En ce quatrième dimanche de Pâques, la liturgie et l’Église nous proposent l’évangile du « Bon Pasteur ». Selon les exégètes, ce passage se trouve dans la première partie de l’évangile de saint Jean nommé « le livre des Signes » ; d’après le P. Raymond E. Brown, prêtre sulpicien, exégète américain (repris par « Wikipedia »), l’évangile de saint Jean comporte le prologue, le « livre des Signes » (1, 19 – 12, 50), le « livre de la Gloire » (13 – 20) et l’épilogue (21) Pour notre foi chrétienne, c’est grâce à la lumière de la résurrection du Christ que nous reconnaissons qu’il est notre guide, notre pasteur. Comment saint Jean nous parle-t-il de cela ?

Quels sont les mots les plus utilisés, répétés dans l’évangile de ce dimanche ? Il y a d’abord l’utilisation du mot « je » par Jésus (12 fois), « brebis » (7 fois), enfin les mots tels que « bon pasteur », « vrai berger », « un seul pasteur », « le berger mercenaire ». Ces mots sont répétés plusieurs fois, il y a un lien entre ces termes. On pourrait même dire que c’est plus qu’un lien : c’est une relation entre « brebis », « bon pasteur » et « je ».

Cette relation est née d’une liberté : celle du Christ (« … je donne ma vie … Nul ne peut me l’enlever : je la donne de moi-même.

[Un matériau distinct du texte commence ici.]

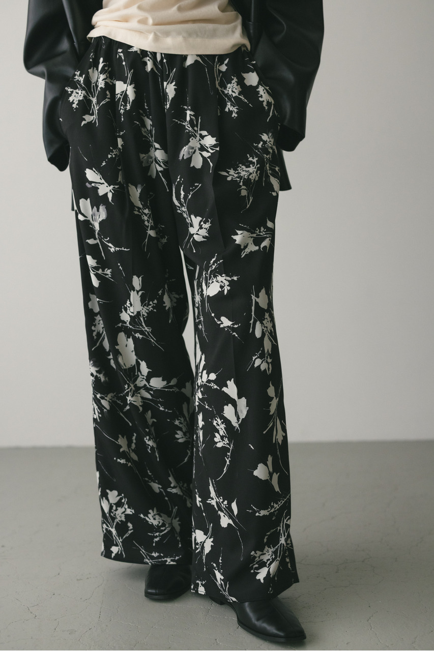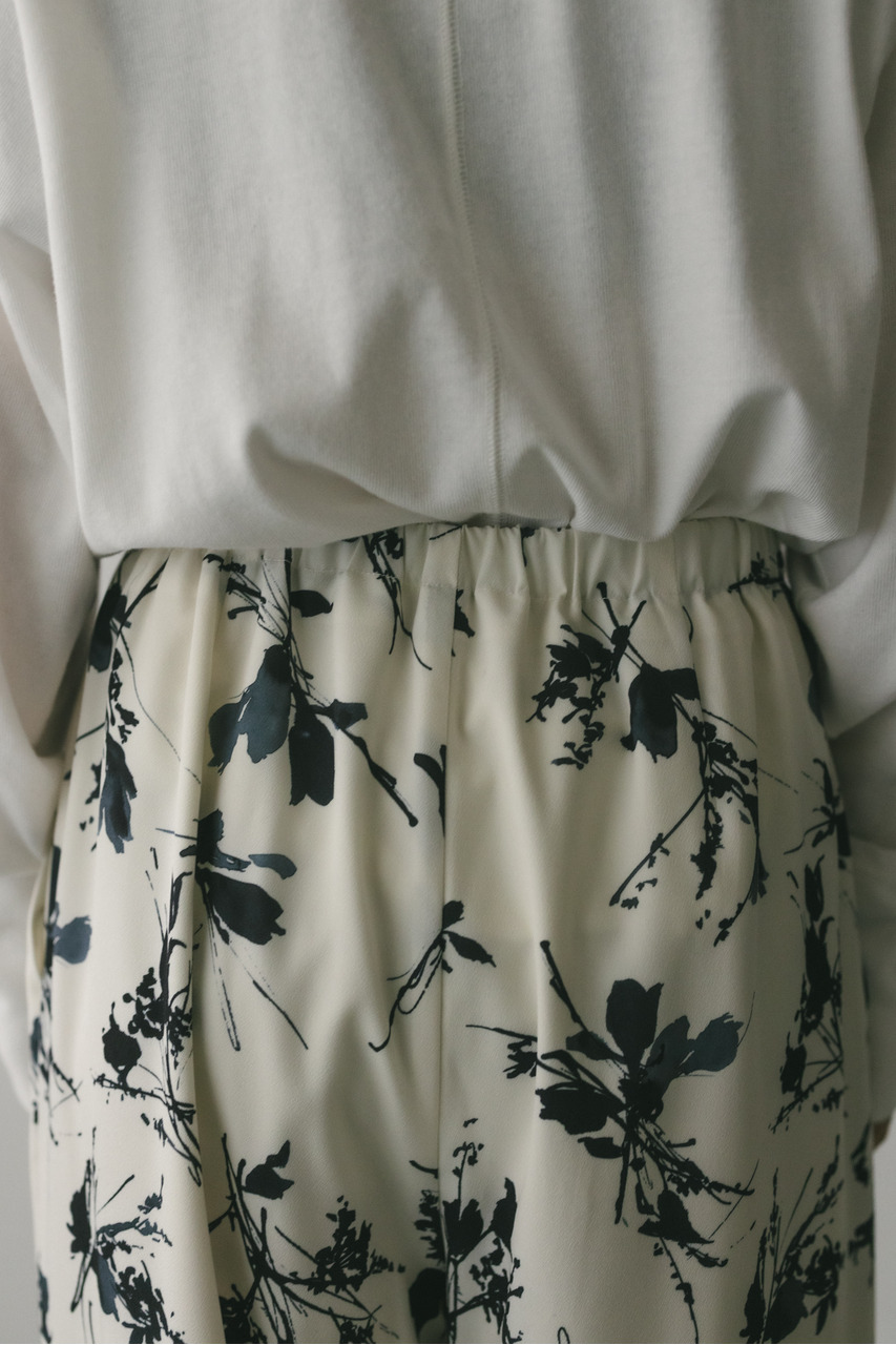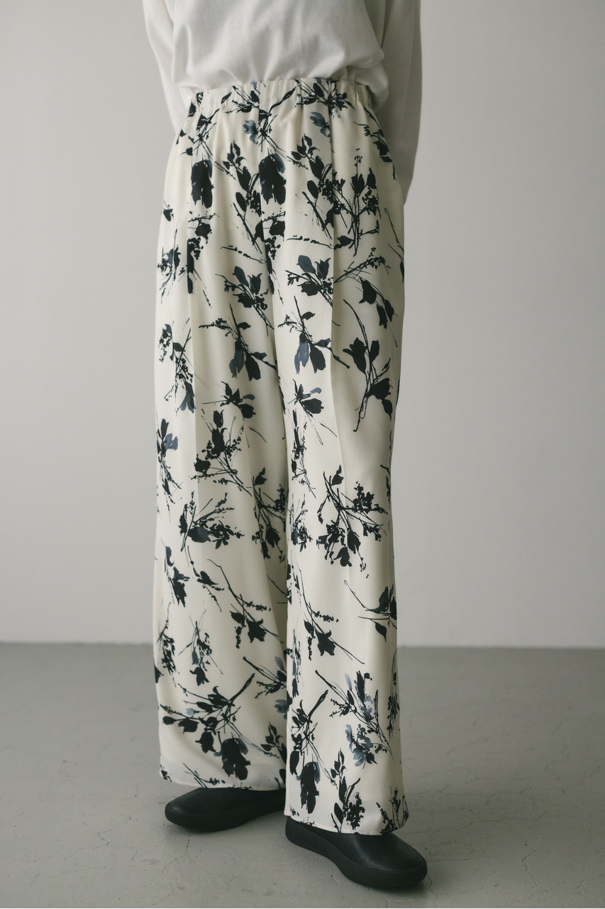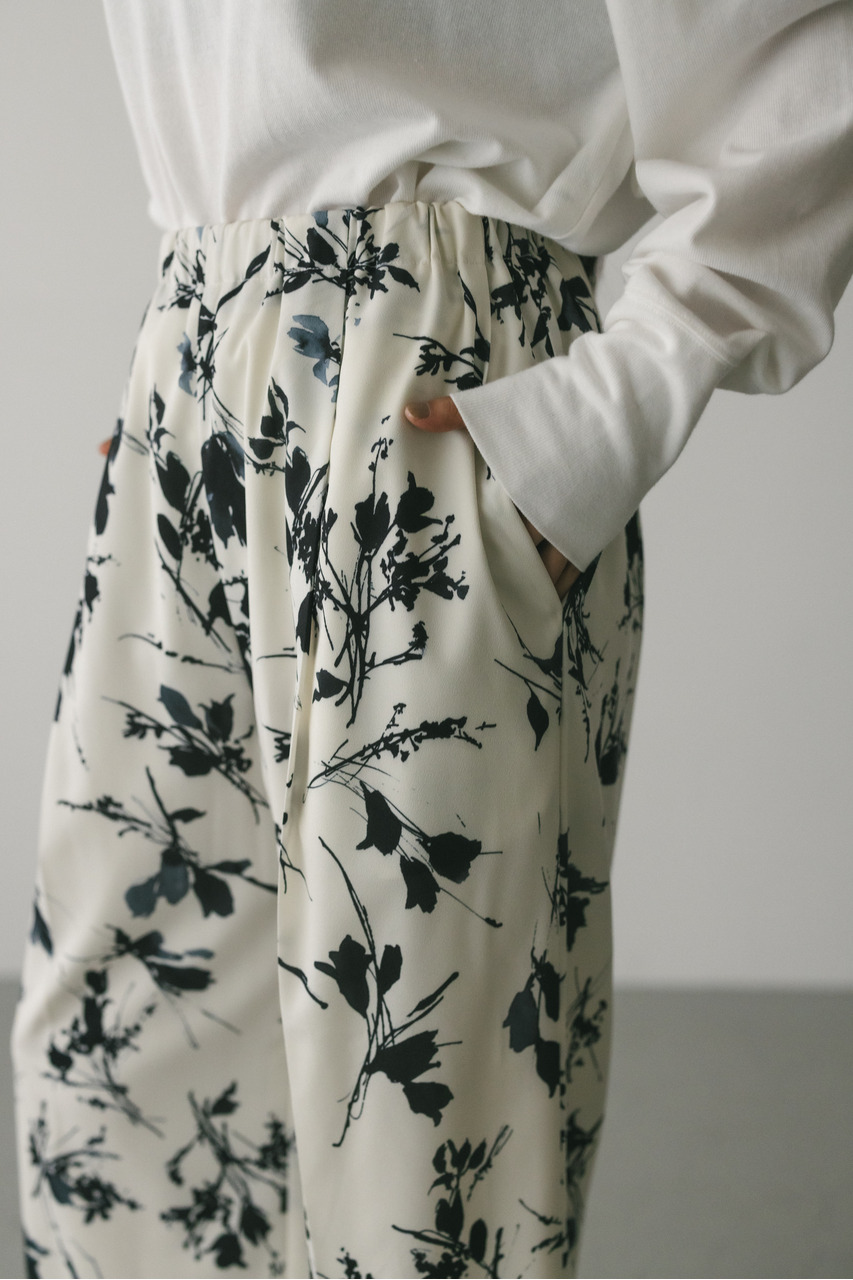 オリジナルのフラワープリントを施したウエストゴムのリラックスパンツ。春を感じさせる柔らかく軽やかな素材で仕上げました。ストレッチなし、透け感なし。

J’ai le pouvoir de la donner, j’ai aussi le pouvoir de la recevoir de nouveau » (Jn 10, 17b, 18b). Libre, le Christ a choisi de donner sa vie pour ses « brebis » (« … je donne ma vie pour mes brebis » (Jn 10, 15b).

C’est dans cette liberté que le Christ dit « … je connais mes brebis et mes brebis me connaissent ... » (Jn 10, 14b). Par cette reconnaissance réciproque, les brebis appartiennent au berger et comptent pour lui ; ce qui est le contraire du berger mercenaire (« , … les brebis ne sont pas à lui » « … les brebis ne comptent pas vraiment pour lui » (Jn 10, 12b). Le berger est concerné par ses brebis, elles sont « uniques au monde » pour lui ; en français, on parle d’un « être cher ». Ce lien exceptionnellement humain est traduit dans le dialogue entre le Renard et le Petit Prince de Saint-Exupéry : « Qu’est-ce qu’apprivoiser ? C’est créer des liens… Mais, si tu m’apprivoises, nous aurons besoin l’un de l’autre. Tu seras pour moi unique au monde. Je serai pour toi unique au monde... ».

Par notre foi dans le Christ ressuscité, nous sommes ses brebis et nous comptons pour lui. Mais nous sommes aussi tentés d’oublier que nous sommes « uniques » pour lui. Comme saint Ignace nous le suggère dans les Exercices spirituels, demandons au Seigneur de nous accorder la grâce d’avoir « une connaissance intérieure du Christ » afin de mieux L’aimer et mieux Le suivre.